I'm trying to draw a tiled background using Javascript on an HTML5 canvas, but it's not working because shapes that intersect the edges of the canvas don't wrap around to the other

Solution 1:

You could always create your tillable image in canvas, generate a toDataUrl(), and then assign that data url as a background to something and let CSS do the tiling.. just a thought.

Edit: If you're having trouble drawing a tillable image, you could create a 3*widthx3*width canvas, draw on it as regular (assuming you grab data from the center square of data as the final result), and then see if you can't draw from subsets of the canvas to itself. Looks like you'd have to use:

var myImageData = context.getImageData(left, top, width, height); context.putImageData(myImageData, dx, dy);

(with appropriate measurements)

https://developer.mozilla.org/En/HTML/Canvas/Pixel_manipulation_with_canvas/

Edit II: The idea was that you'd have a canvas big enough that has a center area of interest, and buffer areas around it big enough to account for any of the shapes you may draw, like so:

XXX  
XCX
XXX

You could draw the shapes once to this big canvas and then just blindly draw each of the areas X around that center area to the center area (and then clear those areas out for the next drawing). So, if K is the number of shapes instead of 4*K draws, you have K + 8 draws (and then 8 clears). Obviously the practical applicability of this depends on the number of shapes and overlapping concerns, although I bet it could be tweaked. Depending upon the complexity of your shapes it may make sense to draw a shape 4 times as you originally thought, or to draw to some buffer or buffer area and then draw it's pixel data 4 times or something. I'll admit, this is some idea that just popped into my head so I might be missing something.

Edit III: And really, you could be smart about it. If you know how a set of objects are going to overlap, you should only have to draw from the buffer once.
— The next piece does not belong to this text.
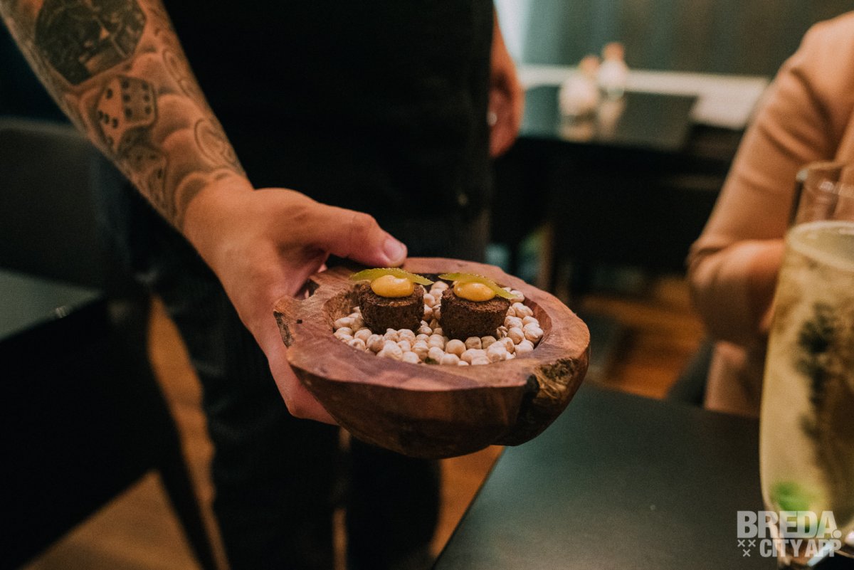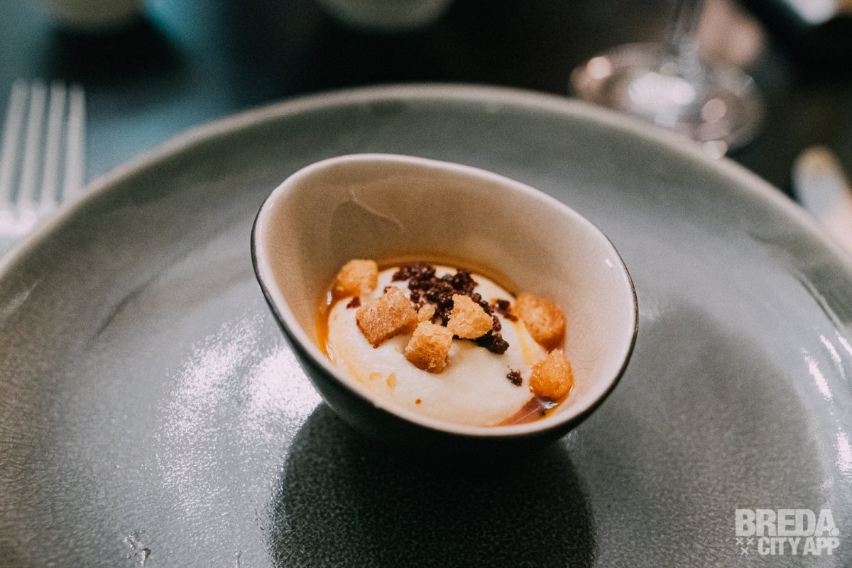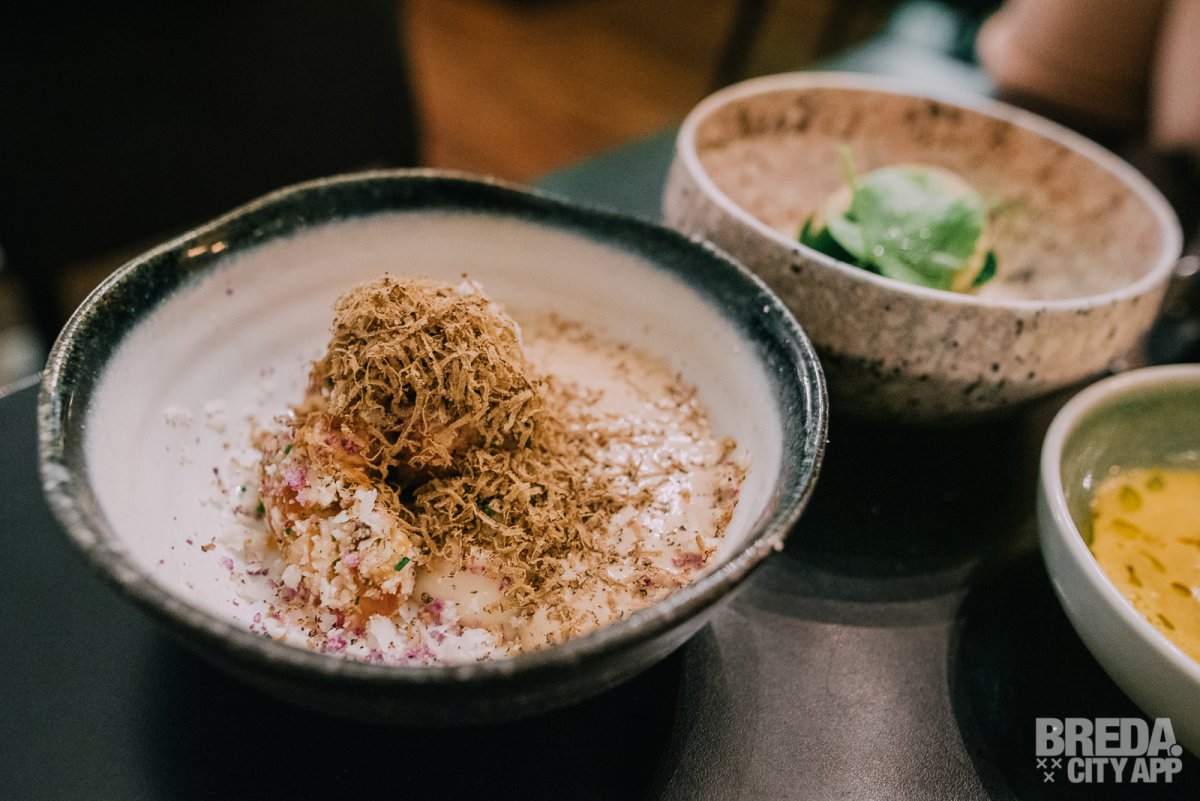 We genieten nog na van de eerste gang als de tussengerechten op tafel verschijnen. We starten met een gehaktbal iberico met een vulling van kaas. De structuur van de gehaktbal is te vergelijken met bloemkool en de gehaktbal is afgetopt met verse truffel en gesmolten eendenlever. Het vlees is ontzettend mals en goed op smaak.

Say you got a bunch of shapes in a row that only draw to the north overlapping region. All you should need to do is draw those shapes, and then draw the north overlapping region to the south side. The hairy regions would be the corners, but I don't think they really get hairy unless the shapes are large.... sigh.. at this point I probably need to quiet down and see if there's any existing implementations of what I speak out there because I'm not sure my writing off-the-cuff is helping anybody.